The brexit experiment is a gift from Britain to the world

Release time:2017-10-16 15:42
Author:as

Sir Humphry Davy, a British chemist who was born in 1778, likes dangerous experiments.

He was fired when he was a pharmacist because of the explosion.

Later, as a chemist, he liked to inhale the gases he produced at work.

He also found that nitrous oxide (laughing gas) was a powerful drug.

"Unfortunately," Oxford University Press, Oxford University Press) about the life of Sir David wrote, "the same habits cause there are a lot of time he almost killed himself, often poisoning let in the last 20 years was a patient in his life."

The cost is likely to be worth it: David isolated substances such as calcium and strontium, discovered iodine, and produced the first electric light.

Much like David, Britain is now experimenting with itself for the benefit of humanity.

Few developed societies are as reckless as this, which is why the Brexit experiment seems so precious.

In the process of poisoning itself many times, brexit continues to be a surprise to both the brexiters and the remain.

Here are some initial lessons for other countries:

When a problem of inevitable differentiation becomes the focus of attention, society splits.

The brexit vote has triggered unprecedented resentment in a country that has traditionally been less concerned about politics.

Insulting languages such as "the enemy of the people", "saboteurs", "racists" and "where to go" have become the everyday language of the British.

Arguments over leaving the European Union have divided several generations between family weddings and Christmas.
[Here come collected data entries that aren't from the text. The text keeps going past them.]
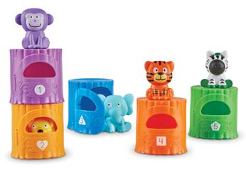 Explore hide-and-peek play with 5 friendly, colourful jungle animals in 5 stackable treehouses ready for counting, colour, and fine motor fun, as well as lots of imaginative play. There is a monkey, lion, elephant, tiger and zebra. Features multilingual packaging and guide. Tree bases measure approx. 8cm H x 7cm W. 10 Piece Set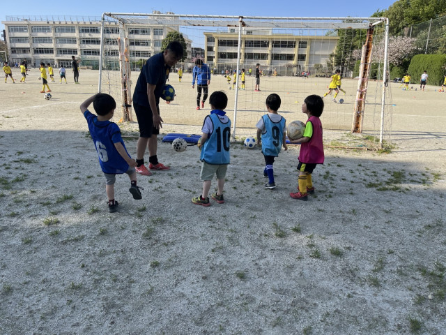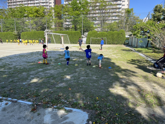 ちょっとした練習の後みんなでコーチを含む3vs3の4ゴールゲームを楽しみました。みんなドリブルやシュートの意識が高くとてもビックリしました。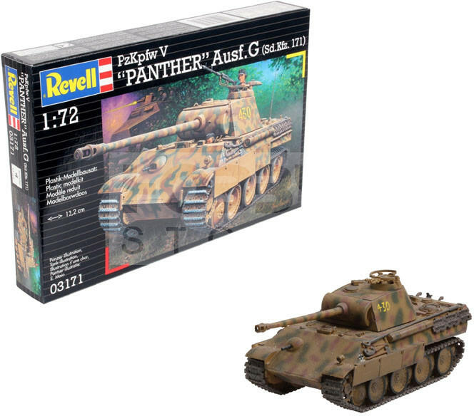 Revell - PzKpfw V. Panther Ausf. G (Sd. Kfz. 171) 1:72 harcjármű makett 03171R Makett méretarány: 1:72 Alkatrész darabszám: 124 Makett hossúság: 12,2 cm Festést és ragasztást igénylő műanyag makett. A szükséges kiegészítőket, mint festék, ragasztó a készlet nem tartalmazza . Gyártó: Revell A Revell tradicionális nagy múltú makett gyártó. Már több mint 60 éve káprá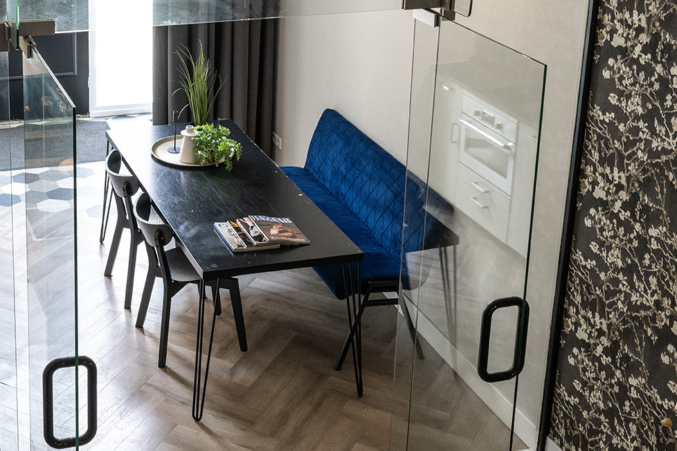 Pal naast de villa vind je het Koetshuis, een tot appartement omgetoverd voormalig koetsiershuis. Hier overnacht je in huiselijke sfeer én in alle luxe met wel vier personen. Het 40m2 tellende verblijf heeft een privé-ingang en is voorzien van een prachtige visgraat vloer en een compleet uitgeruste woonkeuken met schitterende glazen deuren. Slapen doe je in het Koetshuis natuurlijk alsof je blauw bloed hebt: in het queen size bed op de romantische vide en in het heerlijke tweepersoonsbed beneden.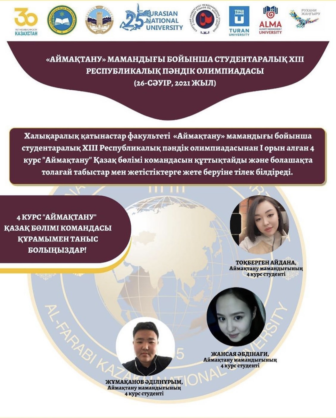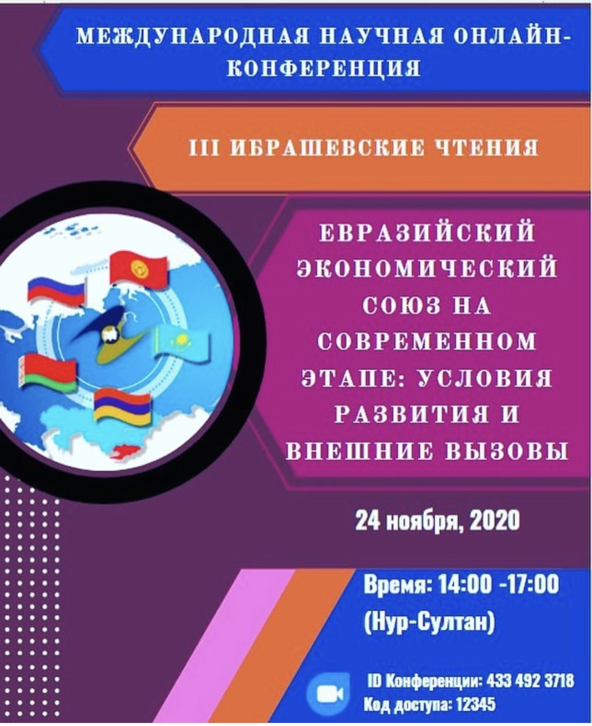 Құрметті әріптестер, оқытушылар, докторанттар, магистранттар, студенттер! Әл-Фараби атындағы ҚазҰУ-дың Еуразиялық зерттеулер орталығы, Әл-Фараби атындағы ҚазҰУ-дың халықаралық қатынастар факультеті, Еуразия-Поволжье ақпараттық-талдау орталығы сізді Халықаралық ғылыми конференцияға (онлайн) қатысуға шақырады: III Ибрашев оқулары "Қазіргі кезеңдегі Еуразиялық Экономикалық Одақ: даму шарттары және сыртқы сын-тегеуріндер", 2020 жылы 24 қарашада сағат 14.00-де Әл - Фараби атындағы ҚазҰУ халықаралық қатынастар факультетінің 25 жылдығына арналған іс-шаралар аясында өтеді.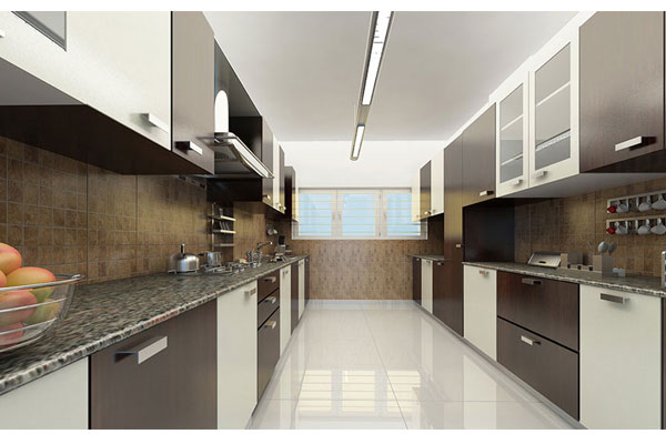 The Parallel kitchen has a workspace large enough for one cook. In this kitchen floor plan, the work domains face each other on parallel walls, creating a small triangle.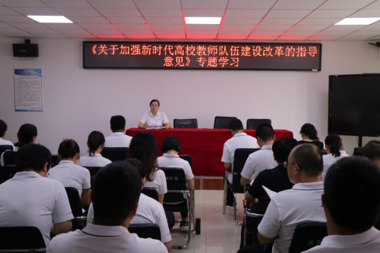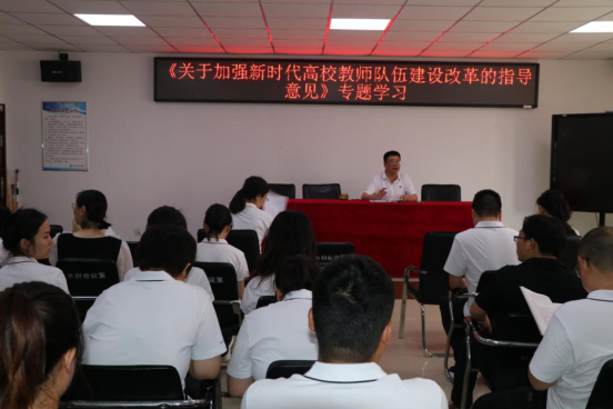 为全面学习贯彻习近平总书记关于教育的重要论述和全国教育大会精神,加强新时代教师队伍建设,6月8日下午,水利工程学院在SY5310开展《关于加强新时代高校教师队伍建设改革的指导意见》专题学习会,学院党总支书记孙天星、院长陶永霞及全院教职工参加了会议。会议由孙天星主持。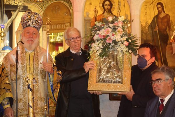 Ο Σεβασμιώτατος ιερούργησε σήμερα Κυριακή 5 Φεβρουαρίου 2023 στον Ιερό Ναό του Αγίου Βασιλείου, της οδού Μετσόβου, στην Αθήνα, με την άδεια και ευλογία του Μακαριωτάτου Αρχιεπισκόπου Αθηνών και Πάσης Ελλάδος κ. Ιερωνύμου, τον οποίο εξεπροσώπησε ο και Προϊστάμενος του Ναού Πανοσιολ. Αρχιμανδρίτης Δωρόθεος Κιούσης, επι τη εορτή της Αδελφότητος των εν Αθήναις Τηνίων και τη 200ή επετείω από της Ευρέσεως της Αγίας Εικόνος της Μεγαλόχαρης.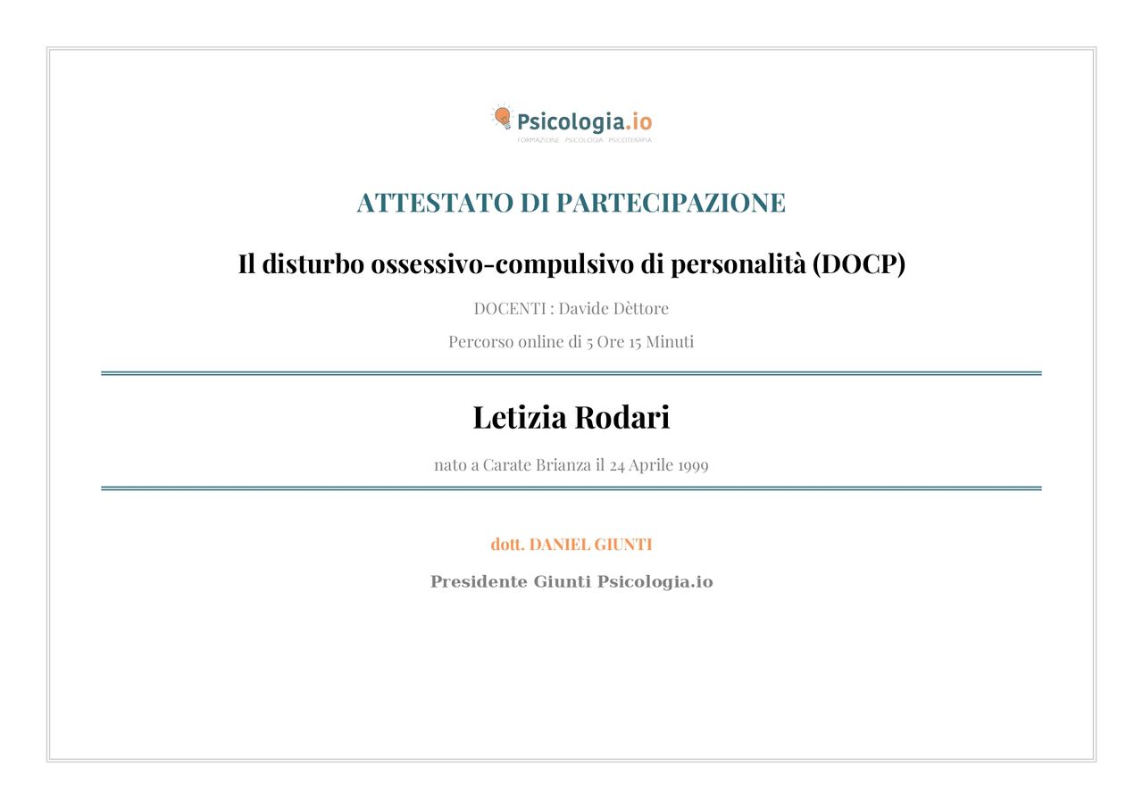 Consiglio vivamente la Dott.ssa Rodari per l'attenzione, l'ascolto, la scrupolosità e la passione che in ogni seduta mostra nello svolgere la propria professione e la ringrazio per tutti i risultati che abbiamo raggiunto e stiamo raggiungendo in questo percorso psicologico.

All of this is to avoid: until the referendum before, there are very few British people view of the European Union (EU) be strong, as few americans think about transgender toilet, until they found the problem of politicians.

If you have to deal with this kind of argument, it's best to try to find a compromise, rather than a winner-take-all solution, such as a referendum.
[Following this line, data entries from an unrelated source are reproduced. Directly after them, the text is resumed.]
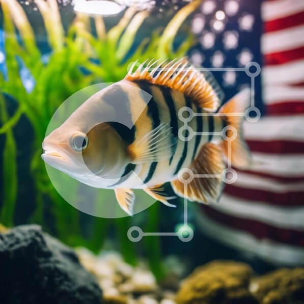 Intra Συλλεκτικό Ξύλινο Παζλ Plywood 4mm – Ριγέ ψάρια στο ενυδρείο με αμερικανική σημαία Σε Ξύλινο Κουτί – Διαστάσεις: 10×10 cm – 25 κομμάτια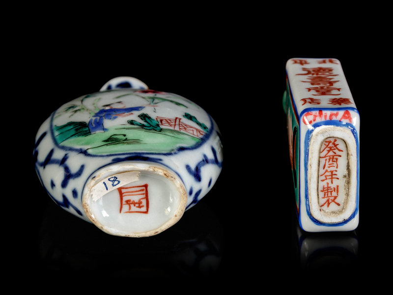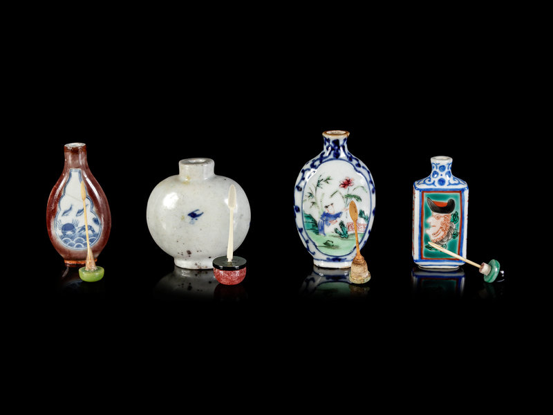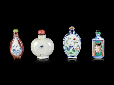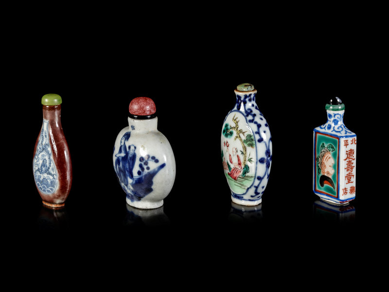 comprising a blue enameled and painted rectangular medicine bottle, a famille rose and underglaze blue ‘floral’ snuff bottle, a blue and white ‘figure’ snuff bottle and a red ground underglaze blue ‘dragon and fish’ snuff bottle.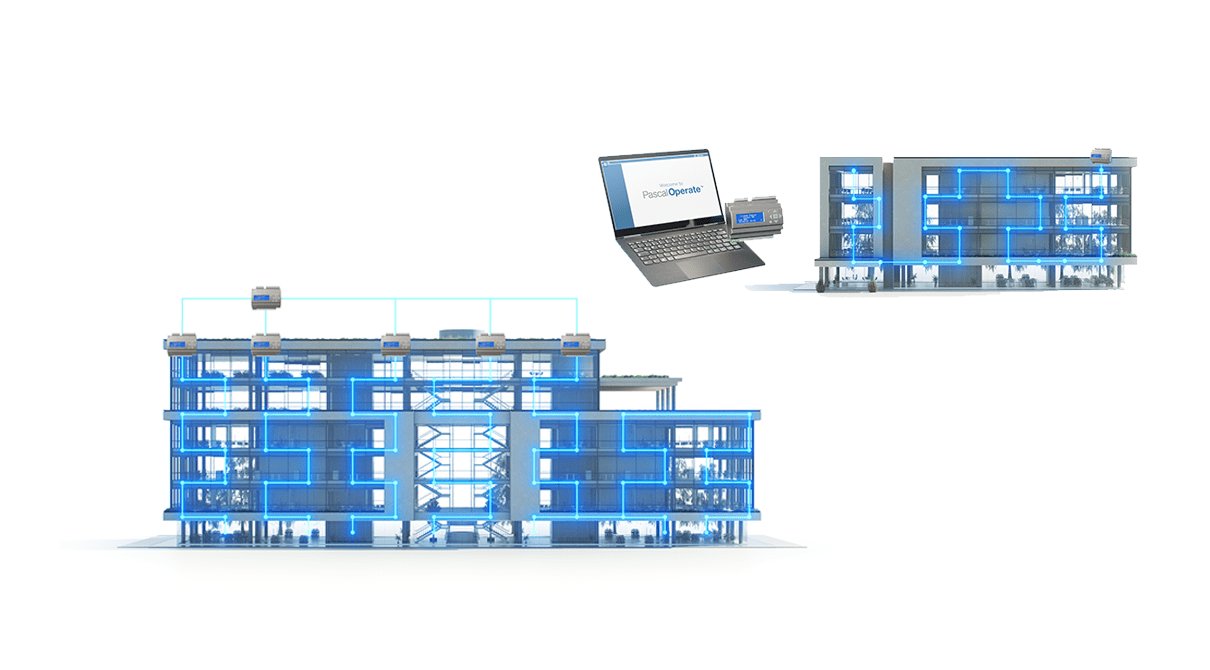 Pascal System Management kan anslutas till Lindab Regula och kan monteras i ett rum, i små och stora fastigheter, i endast en del av en byggnad eller till och med i stora anläggningar som sjukhus, hotell och skolor.
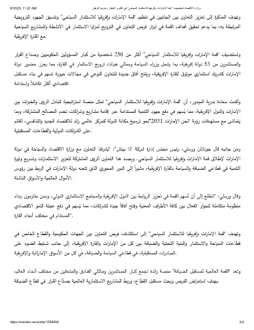 رارﻘﻟا عﺎنﺻو نييﻣوكحﻟا نيﻟوؤسمﻟا رﺎبك نﻣ ﺔيصخﺷ 250 نﻣ رثﻛأ ”ﻲﺣﺎيسﻟا رﺎمثتﺳﻼﻟ ﺎيقيرﻓإو تارﺎﻣﻹا ﺔمﻗ“ فيضتسﺗو

All countries need real-time election regulators.

People have always won votes by lying.

But now they have social media.

So, all the slow, understaffed and 20th-century electoral regulators who retain the way of doing things in the 20th century must re-establish themselves as judges who can tell the truth immediately.

Not long ago, the national bureau of Statistics (the UK Statistics Authority) thus condemned Boris Johnson (Boris Johnson), because he repeated champions will make off the British national health service (NHS) save 350 million pounds a week cost of nonsense.